◆ Input data ◆
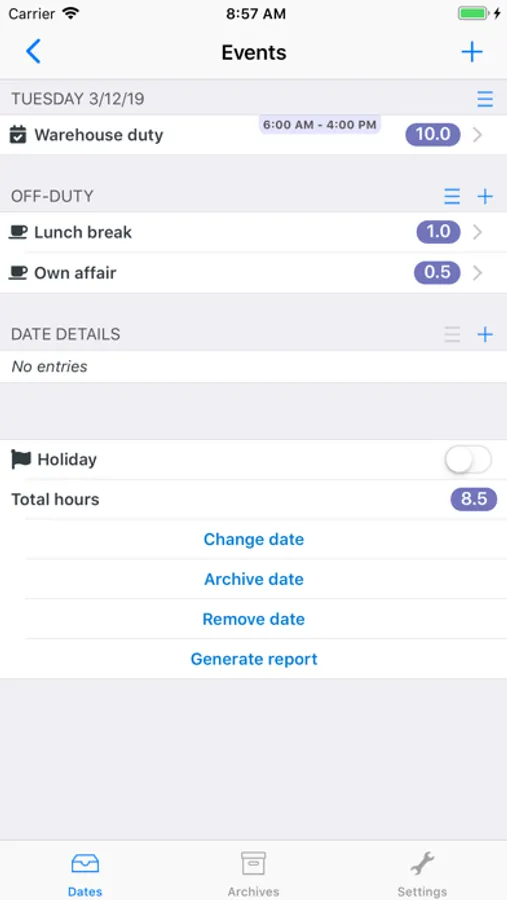 Event entries also may contain additional information. I have created this to suit most worker's needs based on real life experiences, yet keeping the application simple, so using HourTracker, markings can be made pretty quickly and won't become a burden. You can add multiple event categories, like "work time" and "other work" for example. HourTracker, like the name says, does not support minute precision, shortest supported precision is 15 minutes.
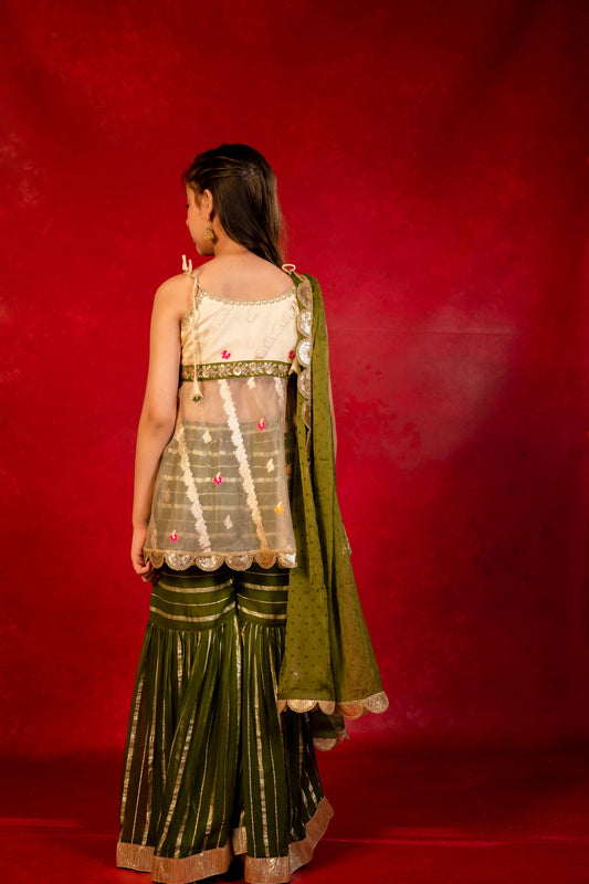 Jilmil Girls Sequence emblished Black cotton Crop top with Golden Lehenga (set of 2)
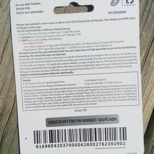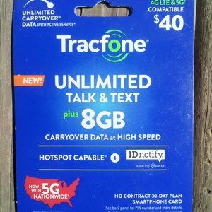 Two TracFone $40 cards. Unlimited talk and text plus 8GB. $60 as a pair.
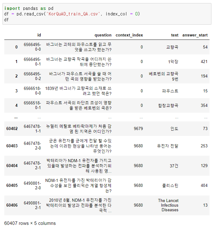 | [NLP] KorQuAD 데이터를 활용해보자 ( KorQuAD 1.0 csv file) (0) | 2022.10.12 |
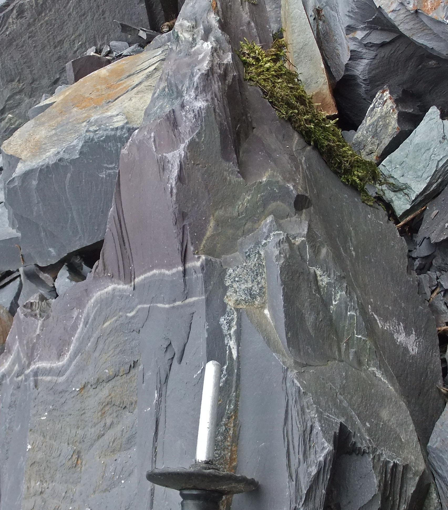 Small-scale folding in a loose block. Grey slate at the base, two thin white silt laminae, purplish slate at the top.
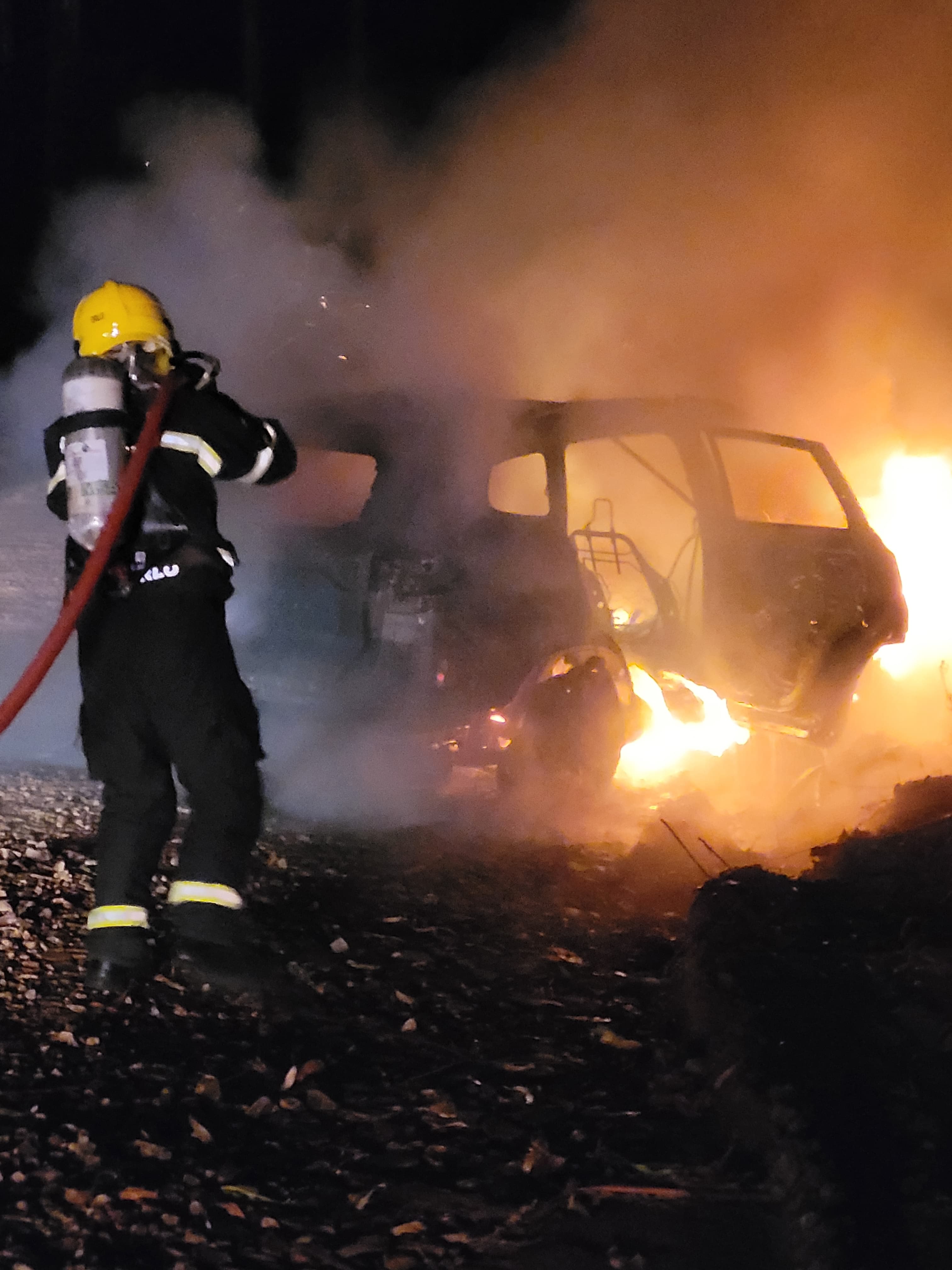 Segundo o Corpo de Bombeiros, ao chegar ao local, a equipe encontrou o carro, um CAOA Chery Tiggo 8, ano 2020/2021, em chamas. O motorista já estava fora do veículo, consciente e orientado, mas reclamava de dores na barriga.
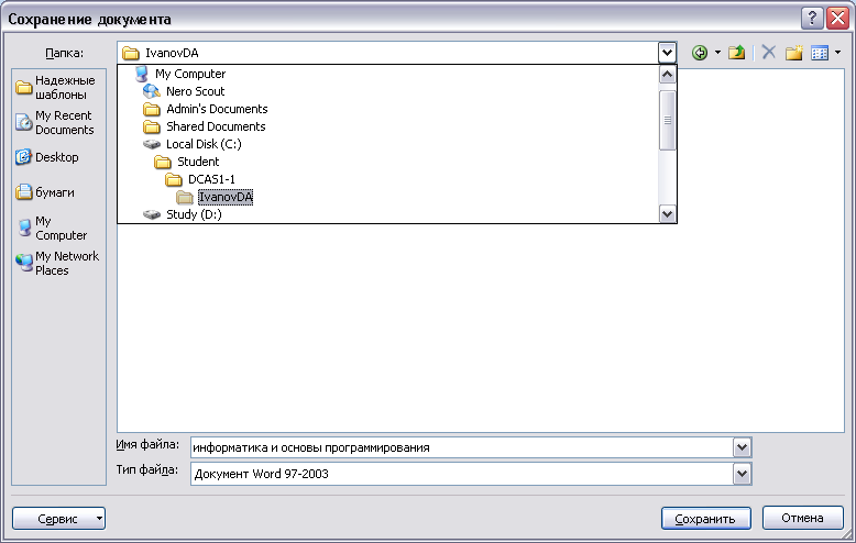 Рисунок 1.8. Диалоговое окно сохранения файла. По умолчанию система предлагает имя файла, совпадающее с первым предложением сохраняемого документа. Не забывайте указывать для сохранения именно свой каталог, обращайте внимание на сообщения системы. Для того чтобы перейти к папке последующего или предыдущего уровня, щелкайте мышью быстро дважды на каталоге последующего или предыдущего уровня в меню Папка. Система помнит всю последовательность каталогов, в которые Вы входили. Для возврата по пути каталогов используйте кнопку Для перехода к каталогу верхнего уровня существует кнопка При возникновении сомнений попробуйте открыть сохраненный файл. В своем каталоге Вы можете создавать любое количество подкаталогов (папок). В каждой папке можно также создавать любое количество папок. Для создания новой папки щелкните на кнопке

◆ What to work on ◆
Leaving out the pictures, please output the lines in the entries above from the one with "Small-scale folding in" through the one with "Segundo o Corpo", exactly as they are.

◆ Response to this exercise ◆
 Small-scale folding in a loose block. Grey slate at the base, two thin white silt laminae, purplish slate at the top.
 Segundo o Corpo de Bombeiros, ao chegar ao local, a equipe encontrou o carro, um CAOA Chery Tiggo 8, ano 2020/2021, em chamas. O motorista já estava fora do veículo, consciente e orientado, mas reclamava de dores na barriga.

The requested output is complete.